One day last October I drove up the Hudson through corridors of brilliant foliage to Hyde Park, New York, where Franklin D. Roosevelt was born a century ago, and where the memory of his personality and his Presidency is preserved in the vast holdings of the Franklin D. Roosevelt Library. There I asked to see Dr. William Emerson, the director—and in less than half an hour I was sitting beneath the low ceiling of a soundproof room while Raymond Teichman, the curator of the audiovisual department, played me a private presidential conversation secretly recorded in the Oval Office of the White House more than forty years ago.

The remarkable story of how the FDR recordings were first discovered, why they were made, and what they reveal is told in the special section beginning on page 8. Rut what is perhaps most remarkable about them is what they have to say about the openness and integrity of American scholarship. It would have been entirely understandable if Dr. Emerson and his staff had dragged their feet in getting out this story in an effort to protect “their” President. After all, no one knew what the recordings might reveal when the project began. Instead, they could not have been more cooperative: they were as interested as we were in obtaining the most precise possible transcripts and in providing the correct historical context for them.

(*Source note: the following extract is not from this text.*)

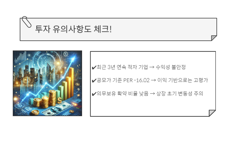 - 공모가 기준 PER -16.02 → 이익 기반으로는 고평가

Dealing with archives in totalitarian countries is a very different proposition; if secret recordings of Soviet leaders, for example, were stored within the Kremlin walls, it seems at best unlikely that any objective journalist would be permitted anywhere near them. Such archives are little more than “mortuaries,” the historian Herbert Feis has written, “which only licensed embalmers are allowed to enter.”

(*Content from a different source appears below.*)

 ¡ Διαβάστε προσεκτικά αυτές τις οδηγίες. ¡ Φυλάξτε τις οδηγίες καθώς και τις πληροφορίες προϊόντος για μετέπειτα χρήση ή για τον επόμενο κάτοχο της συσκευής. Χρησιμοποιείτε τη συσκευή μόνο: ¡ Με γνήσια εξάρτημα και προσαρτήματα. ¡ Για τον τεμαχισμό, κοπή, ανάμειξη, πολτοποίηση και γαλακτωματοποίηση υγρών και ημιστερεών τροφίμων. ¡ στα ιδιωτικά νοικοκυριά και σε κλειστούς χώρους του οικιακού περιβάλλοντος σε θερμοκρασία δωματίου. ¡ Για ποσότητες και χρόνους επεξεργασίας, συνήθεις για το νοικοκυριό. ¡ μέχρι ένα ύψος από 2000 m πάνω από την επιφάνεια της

But American scholarship remains free and full of life, and nothing could better underscore its fundamental strength than the canny, powerful lilt of Franklin Roosevelt’s voice.

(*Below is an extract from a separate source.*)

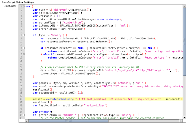 This destination connector executes a custom user-defined JavaScript script. This can be used in a wide variety of ways, such as calling out to external Java libraries or invoking a local OS shell script. You can return custom values that determine what response data to store, and what status to put the destination connector message into. Or simply use the script as a generic job that doesn't necessarily produce responses. For example, you can use tools like to programmatically start/stop/deploy channels from within the script.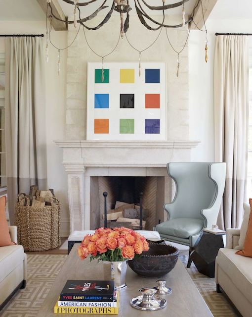 Add visual interest to a space through dramatic lighting and art that may not exactly fit in, but works somehow. In this instance they used a very modern piece of art in a traditional room.

Deciphering what that voice has to say has been an extraordinary experience. Bit by bit, repeated listening has begun to restore its meaning: a phrase that has sounded like “dear God’s own sake” through twenty repetitions suddenly becomes “as Jack Garner would say”; a half-heard reference to “Daugherty” turns a gossipy anecdote into a potential political scandal.

This is history at its most immediate—literally in the making—and we take special pleasure in being able to share it now with you.